--- Data excerpts Enclosed Below ---
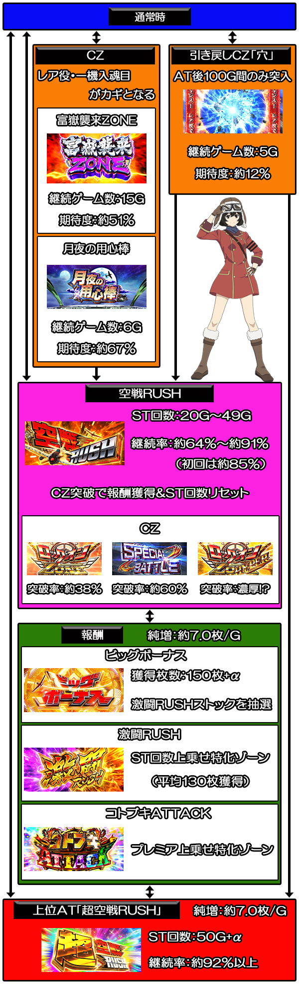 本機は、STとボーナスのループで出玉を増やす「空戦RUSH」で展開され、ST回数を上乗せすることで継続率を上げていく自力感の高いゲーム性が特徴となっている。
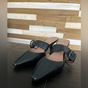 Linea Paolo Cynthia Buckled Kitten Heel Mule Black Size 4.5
--- End of Enclosed Data excerpts ---
--- Data excerpts Enclosed Below ---
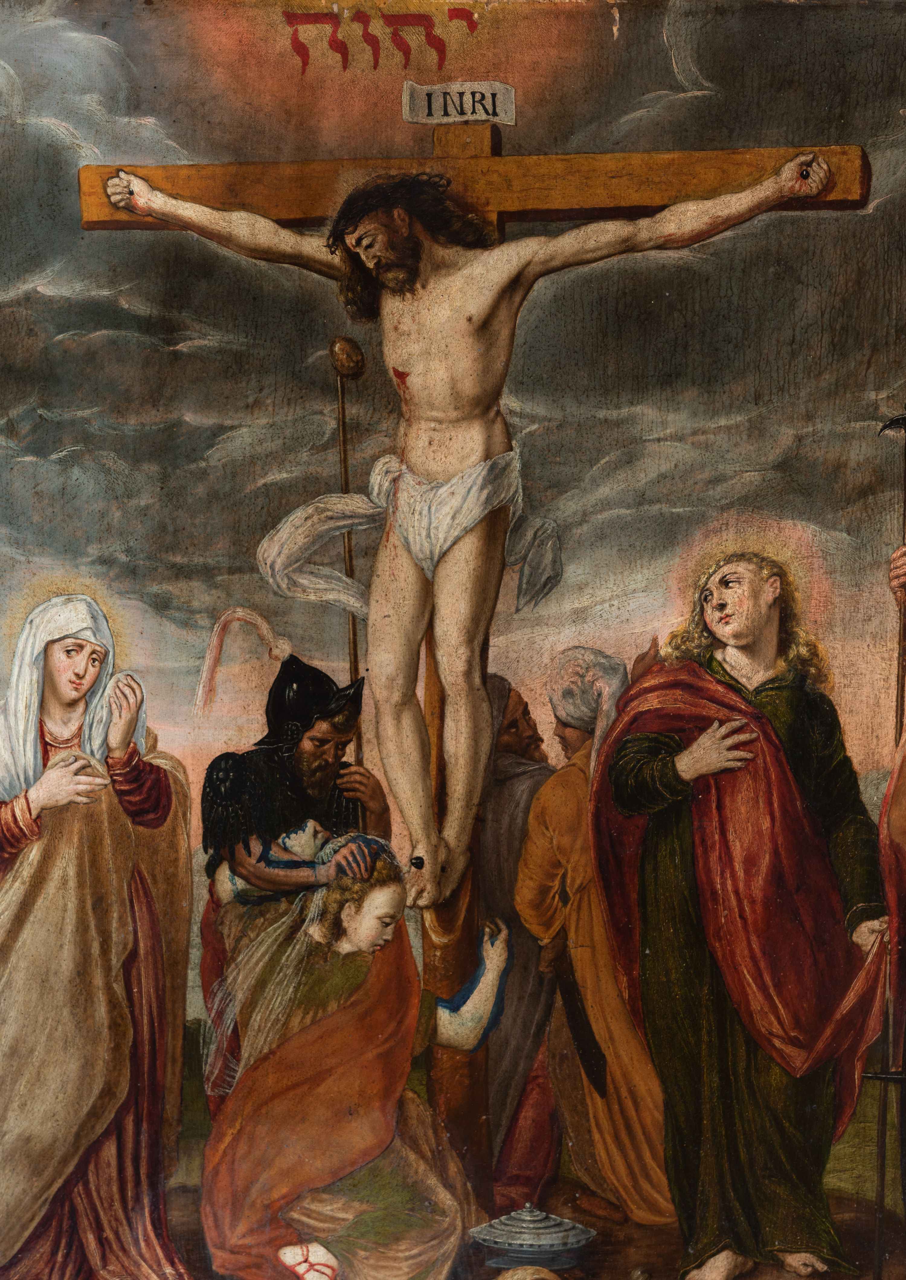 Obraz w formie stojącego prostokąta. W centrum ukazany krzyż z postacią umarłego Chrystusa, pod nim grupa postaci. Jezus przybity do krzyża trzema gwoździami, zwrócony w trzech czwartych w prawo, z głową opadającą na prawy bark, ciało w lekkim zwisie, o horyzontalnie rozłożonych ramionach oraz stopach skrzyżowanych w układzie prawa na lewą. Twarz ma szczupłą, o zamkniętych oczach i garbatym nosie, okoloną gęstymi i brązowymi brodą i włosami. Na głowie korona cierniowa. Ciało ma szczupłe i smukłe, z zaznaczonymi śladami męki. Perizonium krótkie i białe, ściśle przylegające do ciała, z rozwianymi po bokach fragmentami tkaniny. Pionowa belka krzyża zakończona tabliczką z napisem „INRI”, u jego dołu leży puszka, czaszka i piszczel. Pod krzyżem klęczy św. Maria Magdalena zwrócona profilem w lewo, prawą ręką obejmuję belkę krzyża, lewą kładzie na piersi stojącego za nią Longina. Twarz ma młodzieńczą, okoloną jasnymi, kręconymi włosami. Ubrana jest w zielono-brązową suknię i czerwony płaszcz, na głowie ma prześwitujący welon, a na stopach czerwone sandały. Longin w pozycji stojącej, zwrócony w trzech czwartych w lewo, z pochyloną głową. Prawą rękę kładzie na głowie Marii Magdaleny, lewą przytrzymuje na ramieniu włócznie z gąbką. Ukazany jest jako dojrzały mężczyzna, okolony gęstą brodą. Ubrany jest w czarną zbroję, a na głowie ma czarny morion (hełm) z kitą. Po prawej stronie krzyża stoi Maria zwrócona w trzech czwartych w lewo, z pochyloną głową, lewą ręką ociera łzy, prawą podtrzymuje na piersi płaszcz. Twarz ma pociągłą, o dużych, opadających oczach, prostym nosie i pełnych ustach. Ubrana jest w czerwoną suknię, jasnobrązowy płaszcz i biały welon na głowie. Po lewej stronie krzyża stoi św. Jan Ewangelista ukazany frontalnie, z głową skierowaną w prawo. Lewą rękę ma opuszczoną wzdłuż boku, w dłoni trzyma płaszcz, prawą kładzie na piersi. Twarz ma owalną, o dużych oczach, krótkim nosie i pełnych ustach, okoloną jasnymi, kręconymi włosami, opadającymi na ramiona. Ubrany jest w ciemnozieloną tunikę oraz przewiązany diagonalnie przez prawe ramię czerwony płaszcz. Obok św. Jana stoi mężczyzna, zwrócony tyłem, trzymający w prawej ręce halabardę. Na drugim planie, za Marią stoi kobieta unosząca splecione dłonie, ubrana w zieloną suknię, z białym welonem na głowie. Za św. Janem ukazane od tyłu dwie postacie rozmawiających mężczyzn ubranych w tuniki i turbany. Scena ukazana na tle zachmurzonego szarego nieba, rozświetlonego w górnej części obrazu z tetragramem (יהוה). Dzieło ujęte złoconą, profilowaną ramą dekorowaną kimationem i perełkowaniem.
--- End of Enclosed Data excerpts ---
Exercise aim:
Start at the line above containing "本機は、STとボーナスのルー" and stop at the line containing "Linea Paolo Cynthia": print those lines and everything between them exactly, but not the pictures.

Your solution:
 本機は、STとボーナスのループで出玉を増やす「空戦RUSH」で展開され、ST回数を上乗せすることで継続率を上げていく自力感の高いゲーム性が特徴となっている。
 Linea Paolo Cynthia Buckled Kitten Heel Mule Black Size 4.5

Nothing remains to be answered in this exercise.